ANDREW FILEV | WRIKE

PODCAST DESCRIPTION

Andrew shares his views of what a healthy organization will look like in 12 to 15 months from now. How Covid will fundamentally shift culture in organizations while opening up opportunities you may not have been ready to function within otherwise.

GUEST BIO

Man with beard and glasses smiling. Wearing a pink shirt and navy jacket

Andrew Filev is the founder and CEO of WRIKE, a work management platform created in 2003. Work management platforms assists in making remote work possible and effective. Along with his reasons for the importance of the collaboration and visibility in today’s remote, agile, digital work environment, Andrew offers 5 things that management teams in growing companies should be thinking about.

 

PODCAST TRANSCRIPT

[00:00:05]
Doug Foulkes: Welcome to the future of work. This episode is all about work management integration produced by WNDYR for their blog, Chaos and Rocket Fuel. I’m Doug Foulkes, and today, something a little different. Sometimes you’ve got to roll with the punches.
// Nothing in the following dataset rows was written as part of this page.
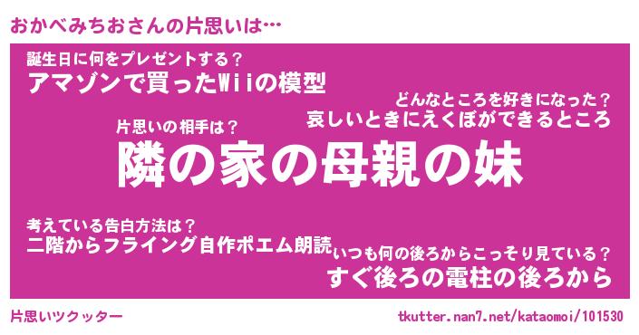 | 男性向けラノベタイトル風あだ名 | 『おかべみちおの憂鬱』 |
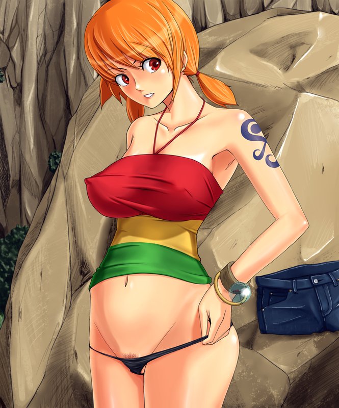 Tags: arm tattooblue tattoobottomlessbreastsclothingdenimdenim shortserect nipplesfemalefemale onlyhalter tophalterneckjewelrylarge breastslog poselow twintailsmound of venusnavelnipplesno pantsorange hairorange-haired femalepantiespubic hairred eyesshort twintailsshortssmilestraight hairtattootattoo on armtattooed armtaut shirtthongtied hairtwintailsunderwear
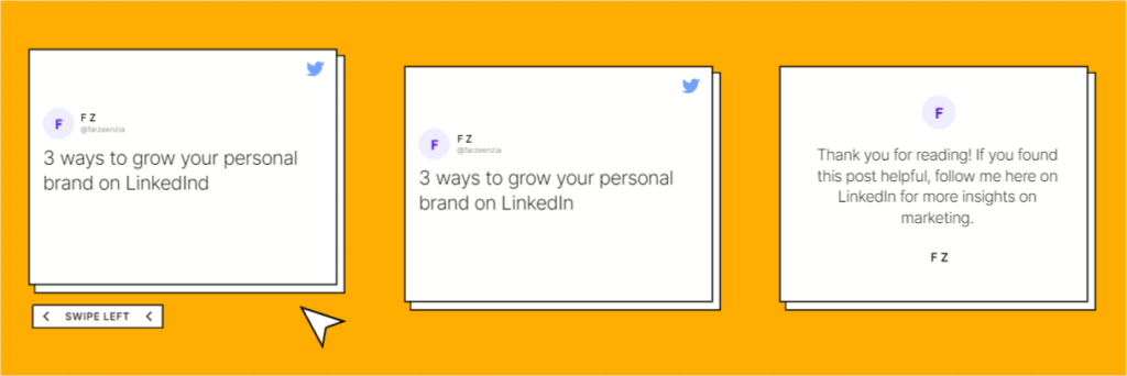 Stick around and we’ll show you 10 visually appealing Twitter thread to LinkedIn carousel templates.
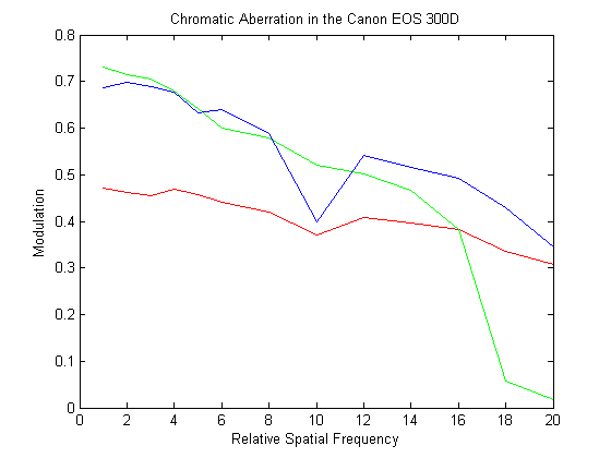 Figure 9. Canon 300D MTF for red, green, and blue light.
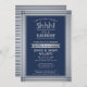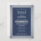Pouvez-vous garder un secret ? Invitez famille et amis à une célébration d'anniversaire de mariage surprise élégante et excitante avec des invitations de fête personnalisées bleu marine et argent. Tout le texte de ce modèle est facile à personnaliser, y compris le message qui dit "Chut ! C'est une SURPRISE". Le design présente une bordure rayée moderne, une typographie art déco vintage classique et une calligraphie script stylée. Veuillez noter que l'argent est imprimé en couleur grise, pas en feuille métallique. Félicitations et Joyeux Anniversaire !

And that’s exactly what WNDYR CEO Claire Haidar did when she had the opportunity recently to literally grab a few minutes with busy Wrike CEO and Silicon Valley rising star Andrew Filev.

[00:00:32]
Doug Foulkes: Andrew started Wrike back in 2003. It’s a leading work management platform that helped establish the now very popular work management category, more relevant and important now in all COVID reality.This is their conversation (and apologies for the varying sound quality).

[00:00:49]
Claire Haidar: Andrew, the very first question I wanted to ask you was you set up Wrike as an organization a number of years ago. I don’t think anybody who was setting up a company in this space all those years ago envisioned a place where literally, in the space of seven days, the whole world would be working remote. Can you maybe share with me why your tool, Wrike, within the greater competitive space that it functions in, is critical to now and why you feel that it actually addresses one of the most critical needs that is not really obvious right now.

[00:01:26]
Andrew Filev: Let me start with a personal story and then talk about the bigger picture behind it. So, before I started Wrike, I was writing my own professional services company, which had offices in multiple countries. So, while we were in the office, we were working virtually all the time. People would be collaborating across cities, across countries, even across the oceans all the time while we came to the physical office, we mostly lived in the digital workplace. And that coupled with the fact that we were growing very fast as a startup, you have to be very agile and respond quickly. We created collaborative work management software, which brings together two things: One, collaboration. And it’s not a surprise that in this environment we are all required to collaborate day-in and day-out online. And to bring you that with what’s called work management, basically visibility to what’s actually going on. Because if you and I are messaging each other all day long and we’re doing that across a thousand people or a hundred thousand people in our company, that gives very little actual visibility. If we’re trying to run workflows across 15 teams or keep trying to run the program with 50 different projects. Even generally in calm times, you will not need, or you will need to be adaptive to try to guess where things are based on those little pieces that you get in this email or this random file. By the way, there’s also five other versions of that file, which one is the correct version and so on and so forth.

[00:03:01]
So, work management is supposed to solve that and give you full transparency, visibility, confidence in your ability to to get things done as an individual, as a manager, and as an executive—from all those levels. And our kind of know-how was in two areas.

[00:03:21]
Know how number one: we thought that one could not be without the other in this new digital world. Like, collaboration and work management have got to stay together; you cannot collaborate in one tool and then try to plan your work in a completely disconnected tool and copy/paste like a robot between the two. It might work if your project takes five years. It does not work when you need to iterate weekly or monthly. So one know-how was bringing those two together. And the other know-how was realizing that in this digital world things move very fast. So people started thinking about this huge monolithic project to break it down in a lot of moving pieces. And so it’s important to not just look at it as one project, but look at it as the ability to manage across multiple teams, multiple projects. Sometimes workflow, connect those different teams. So the power of technology is bringing us all together, which creates opportunities, but also creates a lot of chaos. And so even the software that can that is versatile enough to support all those teams, it to support the whole organization and workflows and projects that spans multiple teams.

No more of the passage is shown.